Jack McDermott | Indo-Pacific Fellow
The Quadrilateral Security Dialogue between Australia, India, Japan, and the United States (the Quad) has had a busy start to the year, marked by a monumental expansion in scope. While military exercises were the primary grounds for its initial formation, the Quad 2.0 has put diplomacy and economics at centre-stage, organising to tackle issues as diverse as vaccine production, climate change, and emerging technology. But with the ideal of a “free and open Indo-Pacific” central to the Quad’s blueprint, a coordinated international investment strategy is a conspicuous omission from its current agenda.
International infrastructure investment can be a powerful strategic tool. Leaders of the G7 countries acknowledged this recently, announcing what may evolve into a major contribution to this space in the form of the Build Back Better World (B3W) initiative at the most recent Summit in June. But Indo-Pacific powers face a vastly different strategic environment, and investment proposals are causing increased diplomatic friction in the region as their security implications are scrutinised more closely. Just this year, Australia’s Foreign Minister Marise Payne’s decision to cancel two deals between the Victorian Government and China was strongly condemned by China’s embassy in Australia, and was by considered by the Chinese government to have caused “further damage to bilateral relations.”

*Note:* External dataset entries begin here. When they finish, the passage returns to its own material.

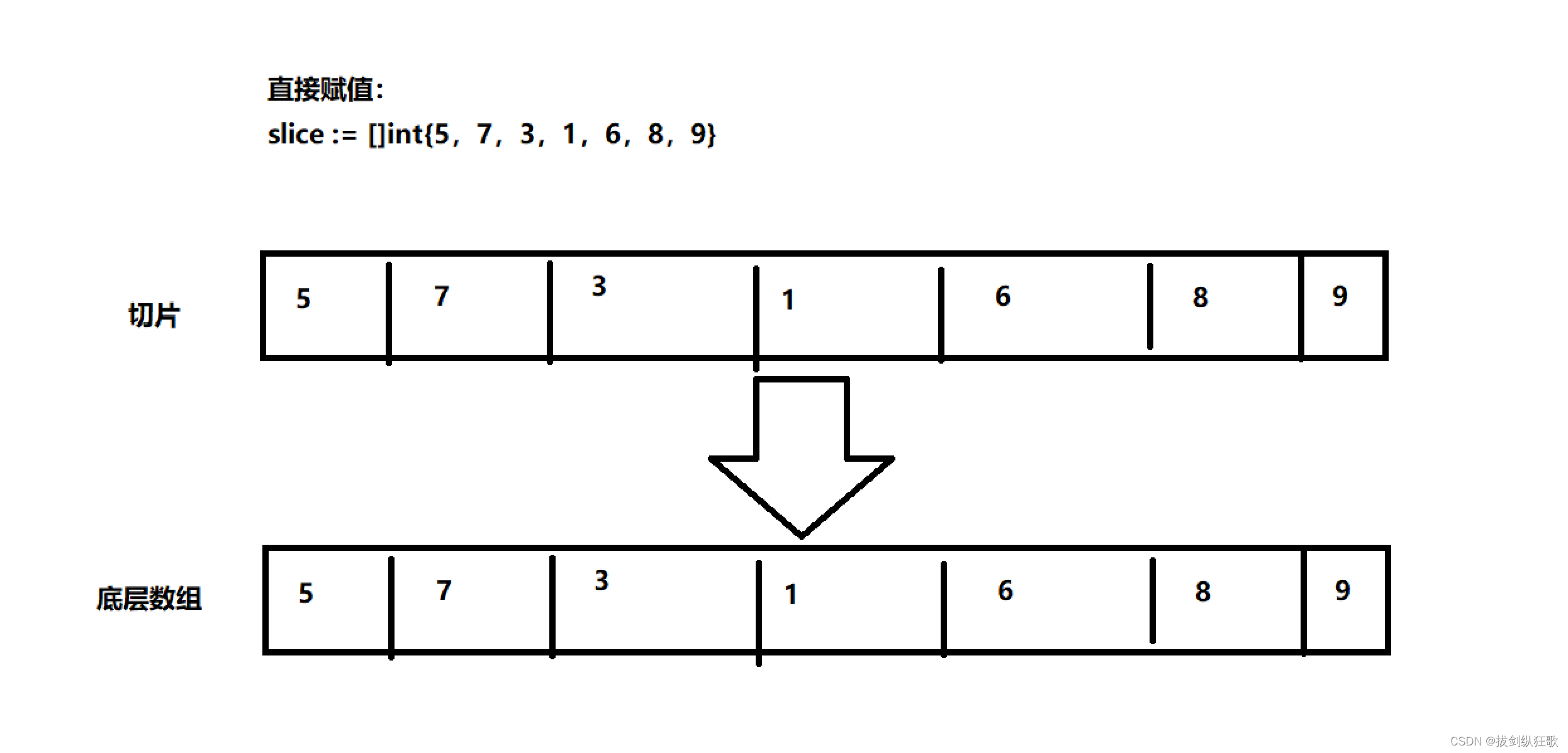- 直接赋值方式 slice:= []int{1,2,3,4,5}
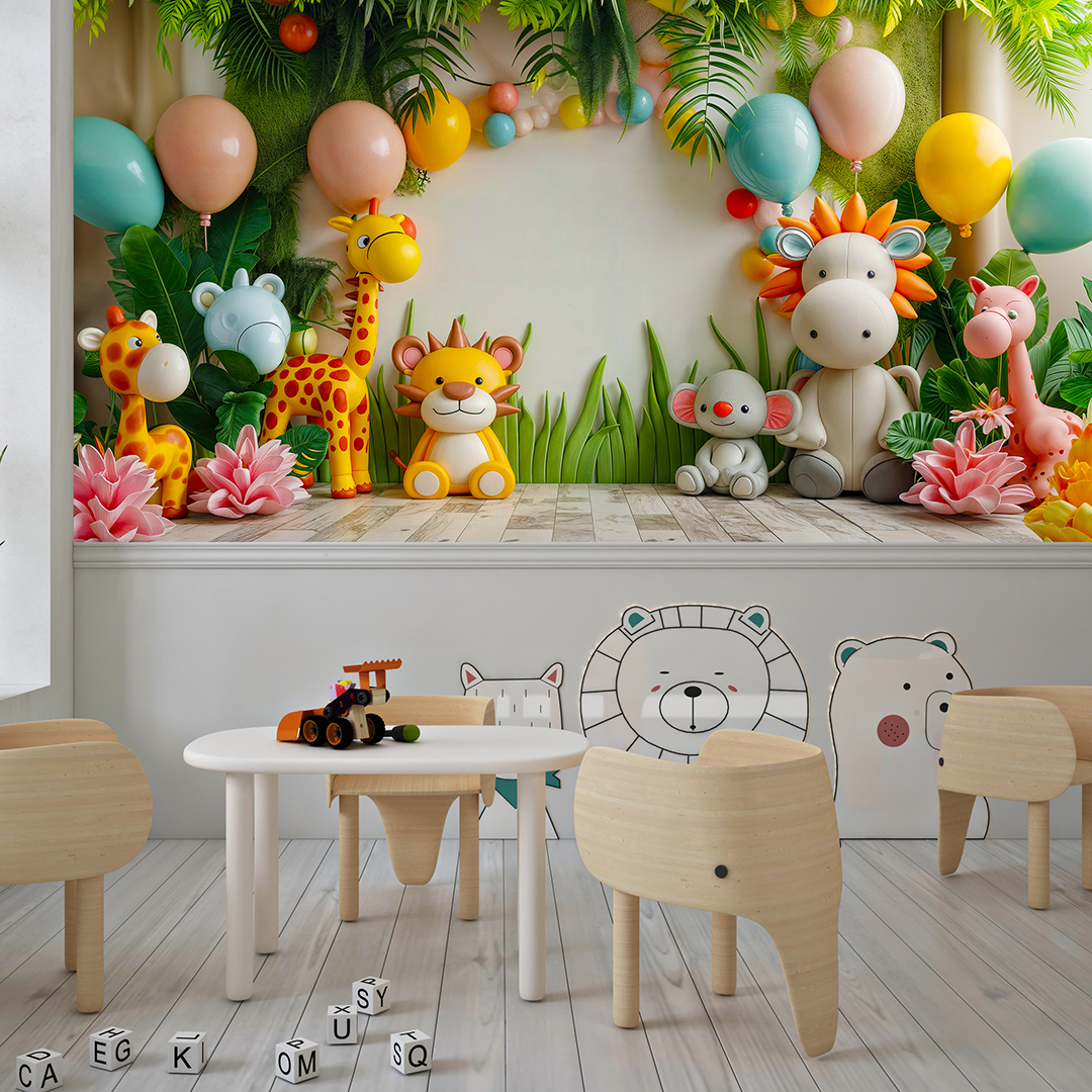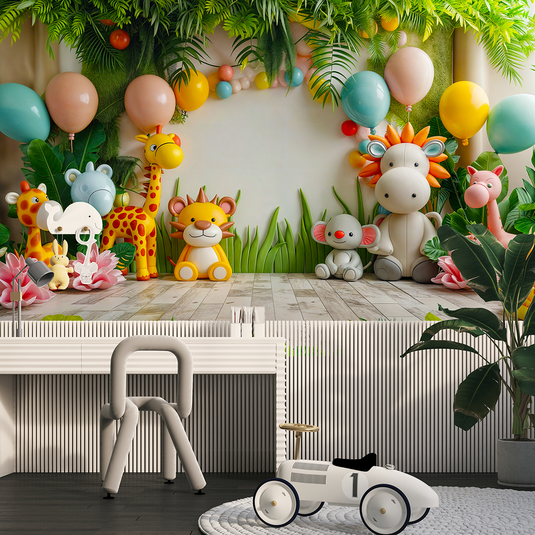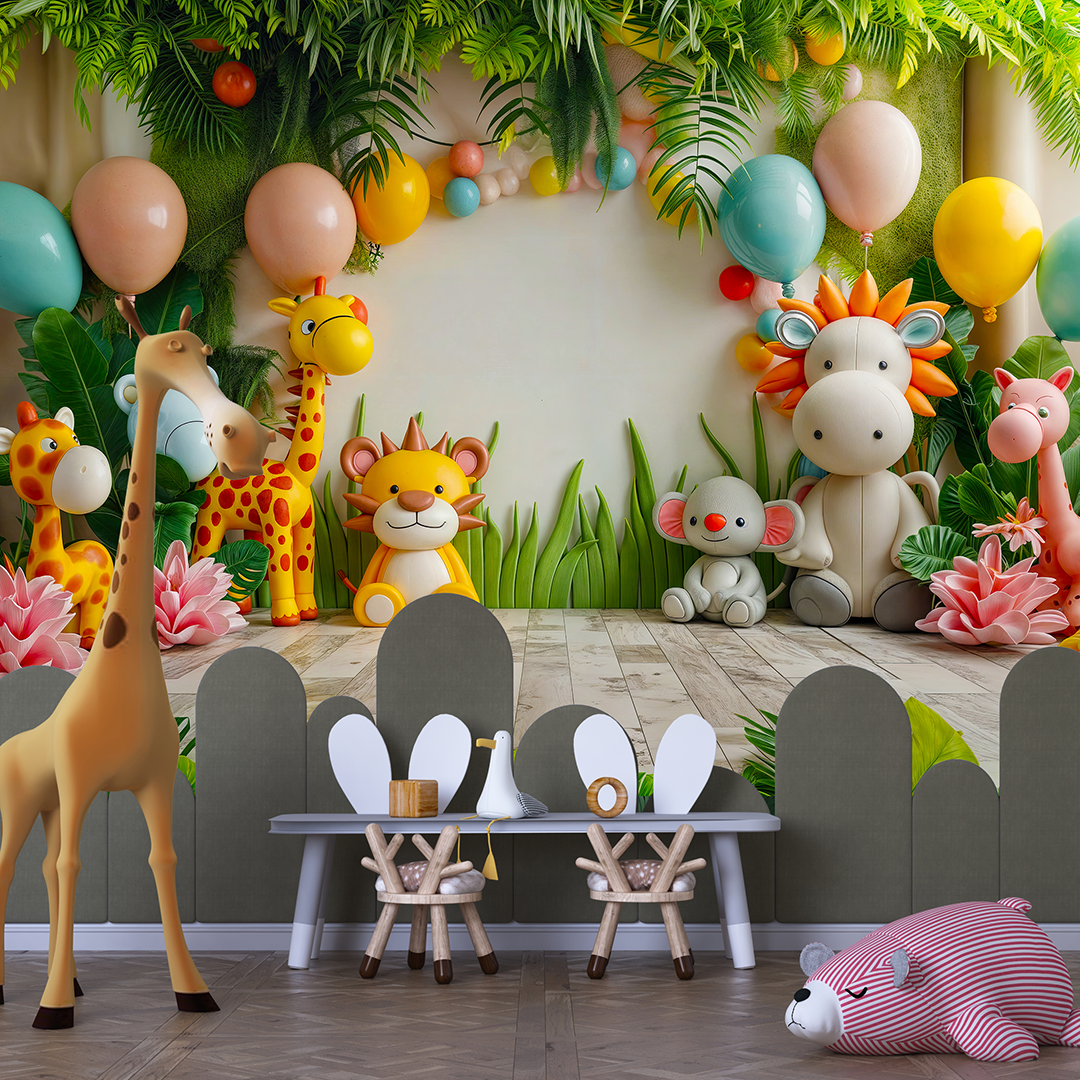 Bu canlı ve neşeli tasarım, sevimli oyuncak hayvanların rengarenk balonlarla dolu bir kutlama sahnesini betimliyor. Zürafalar, aslan, koala ve diğer dostlarımız, balonlarla çevrili bu mutlu anda bir araya gelerek izleyicilere coşku ve eğlence dolu bir hikaye sunuyor. Sıcak renkler ve sevimli detaylar, bu sahneyi çocuksu bir hayal gücüyle zenginleştirirken, balonların kattığı şenlik havası neşeli bir atmosfer yaratıyor. Bu eser, dostluğun ve kutlamanın getirdiği mutluluğu yansıtıyor.
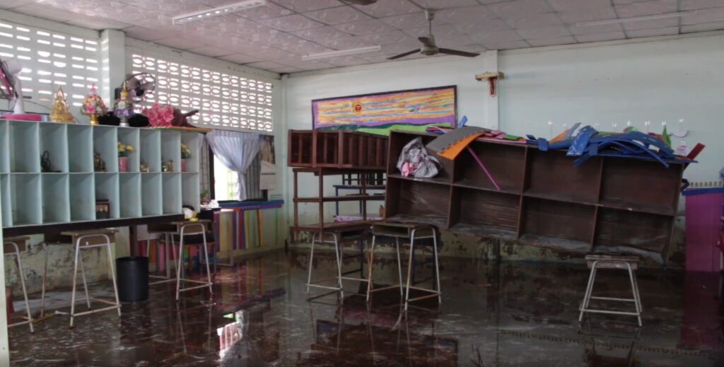 คุณครูเล่าว่า น้ำเริ่มหลากเข้าท่วมภายในบริเวณโรงเรียนตั้งแต่วันที่ 2 ตุลาคมที่ผ่านมา ซึ่งเป็นช่วงที่กำลังจะสอบปลายภาค ทำให้ต้องปิดเรียนชั่วคราวและเลื่อนสอบปลายภาคออกไปโดยไม่มีกำหนด ตอนนี้น้ำเริ่มลดลง โรงเรียนจะกลับมาเปิดสอนอีกครั้งในวันที่ 7 พฤศจิกายนนี้ แต่จะยังไม่จัดสอบปลายภาคในทันที เนื่องจากต้องให้นักเรียนได้ปรับตัวก่อนสักระยะ โดยหลังสอบเสร็จโรงเรียนจะมีการสอบชดเชยให้นักเรียนด้วย เพื่อเติมเต็มความรู้ในช่วงที่ปิดเรียนชั่วคราวไป

Both projects fell under the largest and most controversial offering in the infrastructure investment space, China’s flagship ‘Belt and Road’ Initiative (BRI), which has signed on 137 countries and completed projects in 70. But a developing pattern of delayed projects and opaque deals shows that, if a country is to be seen as a reliable investor, quantity cannot eclipse quality. Infrastructure investment carries a heavy normative weight, and thus the potential exists to counter China’s investment strategy.
The Quad’s potential
The notion of a Quad-initiated investment fund is not unfeasible, nor entirely new. The idea of collaborative infrastructure investment enjoys the political backing of all involved Quad members, each of which have contributed to jointly-funded investment projects with one another in the past. This initiative would also be less strategically sensitive than an overt security agreement, and therefore less likely to be stalled by apprehensive members—India being the most likely candidate given its commitment to strategic non-alignment and ongoing hostilities on its northern border.
Of course, codifying an investment fund as an ongoing initiative would be challenging. It would require the finances to be consistently procured and would demand agreement on priority projects, which may be difficult for a grouping as geographically scattered as the Quad. Quad investment is also unlikely to match the scale of the BRI. But thinking—as Quad members show an increasing willingness to do—beyond its strategic dimension, an infrastructure development fund is an opportunity to underscore the Quad’s leadership with a decisive commitment to an open Indo-Pacific economy.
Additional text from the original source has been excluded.